Eka Gigauri (ეკა გიგაური; born 14 April 1978) is a Georgian civil society leader and human rights advocate. Since 2010 she has served as Executive Director of Transparency International Georgia, and has previously held roles on the Global Board of Directors of Transparency International.

She studied International Relations at Tbilisi State University, earned an MBA at the Caucasus School of Business, and an LLM in International Law from Vrije Universiteit Amsterdam. She also completed executive programmes at Stanford University’s CDDRL, and an executive course at Harvard Business School.

== Career ==

=== Early public administration and communications ===
Gigauri’s early roles included internships at the Parliament of Georgia and the Georgian Public Broadcaster, followed by assignments at the Ministry of Transport and the Ministry of Foreign Affairs.

She later worked in public relations as a Consultant at IPM (2002–2003) and as Public Affairs Coordinator at the Tbilisi Marriott Hotel (2003–2004).

=== Border security and reform (2004–2008) ===
From 2004 to 2008, she served in leadership roles at the Border Police of Georgia, including as Deputy Head. Her work focused on anti-corruption reforms, modernisation of border operations, and European integration. After leaving government service she worked as a border and migration governance expert in the Netherlands and South Caucasus.

=== Leadership at TI Georgia (2010–present) ===
Gigauri joined Transparency International Georgia in 2010 and became Executive Director soon after.

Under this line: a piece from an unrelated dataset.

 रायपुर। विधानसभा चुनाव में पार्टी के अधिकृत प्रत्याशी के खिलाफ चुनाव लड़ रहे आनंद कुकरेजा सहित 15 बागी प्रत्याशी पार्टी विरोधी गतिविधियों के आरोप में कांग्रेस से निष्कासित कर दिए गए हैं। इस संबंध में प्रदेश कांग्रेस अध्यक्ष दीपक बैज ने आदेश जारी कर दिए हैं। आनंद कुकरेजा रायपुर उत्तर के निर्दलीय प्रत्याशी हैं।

Under her leadership the organisation expanded its investigative capacity, opened regional offices, and launched civic programmes on transparency and accountability.

Her responsibilities include supervising TI Georgia’s investigations, publications, public communications and advocacy on themes including political finance, media freedom, judicial independence and public procurement.

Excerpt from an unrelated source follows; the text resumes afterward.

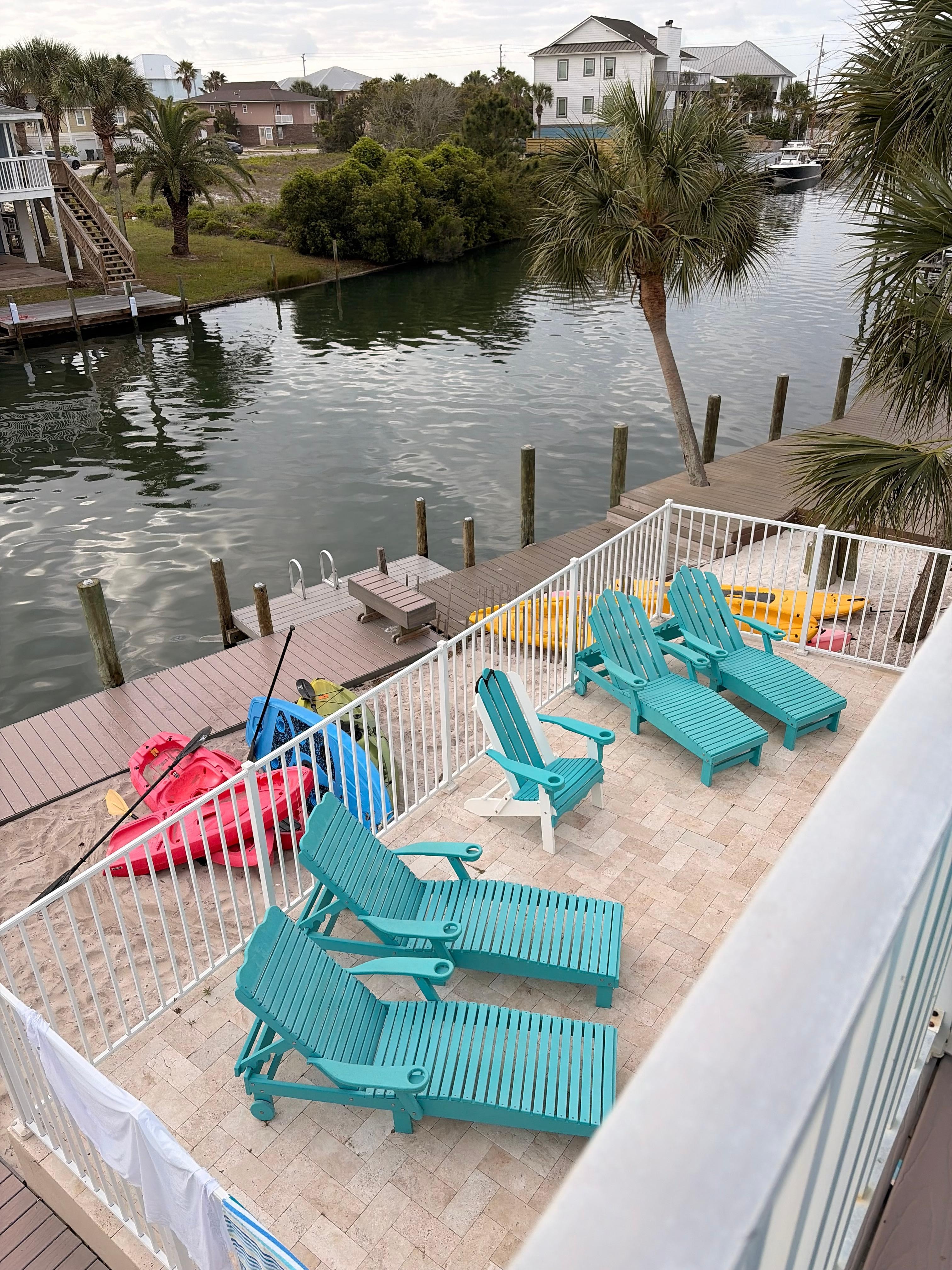 Es gibt reichlich Sitzgelegenheiten mit Blick auf das Wasser von 3 Balkonen. Ring Toss und Bean Bag Corn Hole Boards sorgen für Unterhaltung.

Major investigative cases under her stewardship include:
- Investigations revealing alleged business links of Bidzina Ivanishvili and his family in Russia via offshore companies and unreported property in Moscow.
- Exposés on corruption risks in the judiciary, including politically-influenced case assignment and non-transparent judge selection.
- Analyses of party funding and procurement, including circular donor schemes and pressure on contributors to the ruling party.
- Monitoring of procurement and media finance involving pro-government media including Imedi TV.

Her leadership has helped TI Georgia become one of the most reliable civil society institutions in Georgia and a significant contributor to democratic oversight.

== Activism and civic campaigns ==
Gigauri played an active role in the Must Carry / Must Offer campaign, leading to amendments to the Georgian Law on Broadcasting that ensured pluralistic political coverage during elections.

She also helped initiate the This Affects You – They Are Still Listening campaign, which pushed for stronger rules against illegal surveillance and political wiretapping.

Since 2023, Gigauri has been one of the most visible leaders opposing Georgia’s proposed foreign agents legislation. She has warned that the bill would derail European integration, restrict civil society and stigmatise critical voices. In interviews, she emphasised compliance with EU standards and the danger of copying Russian-style legislation.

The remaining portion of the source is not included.